In yet another aspect, the present invention provides a pharmaceutical composition comprising a mutated anti-PD-1 inhibitor of the present invention, and a pharmaceutically acceptable carrier.

In yet another aspect, the present invention provides a method for treating or preventing cancer or an infectious disease in a subject in need thereof, comprising administering to the subject a mutated polypeptide and/or a pharmaceutical composition of the present invention.

In yet another aspect, the present invention provides a method for enhancing a T cell immune response in a subject in need thereof, comprising administering to the subject a mutated polypeptide and/or a pharmaceutical composition of the present invention. In some embodiments, the enhancing a T cell immune response comprises enhancing cytokine production by a T cell, preferably the cytokine comprises IL-2 and/or IFN- γ. In some preferred embodiments, the enhancing cytokine production by T cells comprises anti-CD 3 antibody-stimulated cytokine production by T cells. In other preferred embodiments, the subject is a cancer patient, e.g., a PD-L1 positive cancer patient, preferably a lung cancer and melanoma patient.

In yet another aspect, the present invention provides a method for promoting T cell activation in a subject in need thereof, comprising administering to the subject a mutated polypeptide and/or a pharmaceutical composition of the present invention.
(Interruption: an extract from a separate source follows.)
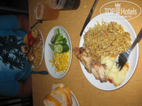 Питание это наверное самый большой минус данного отеля, давали в основном курицу, рыбы за 8 дней не было ни разу. Обычно дают рис, картошку фри (мягкая), нагетсы соевые, колбасу вообще не пробовали - выглядит она странно. Вообще блюд много, но все они на столько специфические и пахнут не приятно, не понятно из чего они приготовлены, поэтому даже не пробовали. Голодные все равно не оставались, иногда ели просто рис с огурчиками и помидорами. Часто был салат из макарон, соленых огурцов, перца, помидор и в соусе, своеобразно но кушать можно, один раз давали куриные шашлыки, очень вкусные. Хотя многие набирали полные тарелки, если вы готовы кушать блюда, которые не понятно из чего сделаны или что в них вам не важно, то тогда я думаю питание не будет проблемой. Очень вкусный кофе у них, но иногда если поздно на завтрак придешь, кофе с молоком уже нет, только черный.

Preferably, the method further comprises administering to the subject an anti-CD 3 antibody.

In yet another aspect, the present invention provides a method for abrogating the inhibition of T cell activation by PD-L1 in a subject in need thereof, comprising administering to the subject a mutated polypeptide and/or a pharmaceutical composition of the present invention. Preferably, the method further comprises administering to the subject an anti-CD 3 antibody.

In yet another aspect, the invention provides a method of promoting T cell activation (preferably in vitro) comprising contacting a mutant polypeptide or pharmaceutical composition of the invention with a T cell. Preferably, the method further comprises contacting the anti-CD 3 antibody with a T cell.

In yet another aspect, the invention provides a method (preferably in vitro) of abrogating the inhibition of T cell activation by PD-L1, comprising contacting a mutant polypeptide and/or pharmaceutical composition of the invention with a T cell. Preferably, the method further comprises contacting the anti-CD 3 antibody with a T cell.

The positive progress effects of the invention are as follows: the invention optimizes the mutation of the polypeptide in the previous stage to obtain mutant peptide with better activity than the original polypeptide, and the mutant peptide also has high affinity with PD-1 protein, and the polypeptide has good biological activity. The polypeptide can be used in tumor immunotherapy alone or in combination with anti-PD-1 monoclonal antibodies or other anti-tumor drugs and diagnosis and screening of PD-1 positive tumor patients, namely can be used in preparation of drugs for treating tumors, autoimmune diseases and the like.

Detailed Description

The present invention is described in detail below with reference to examples, but they are not intended to limit the present invention further.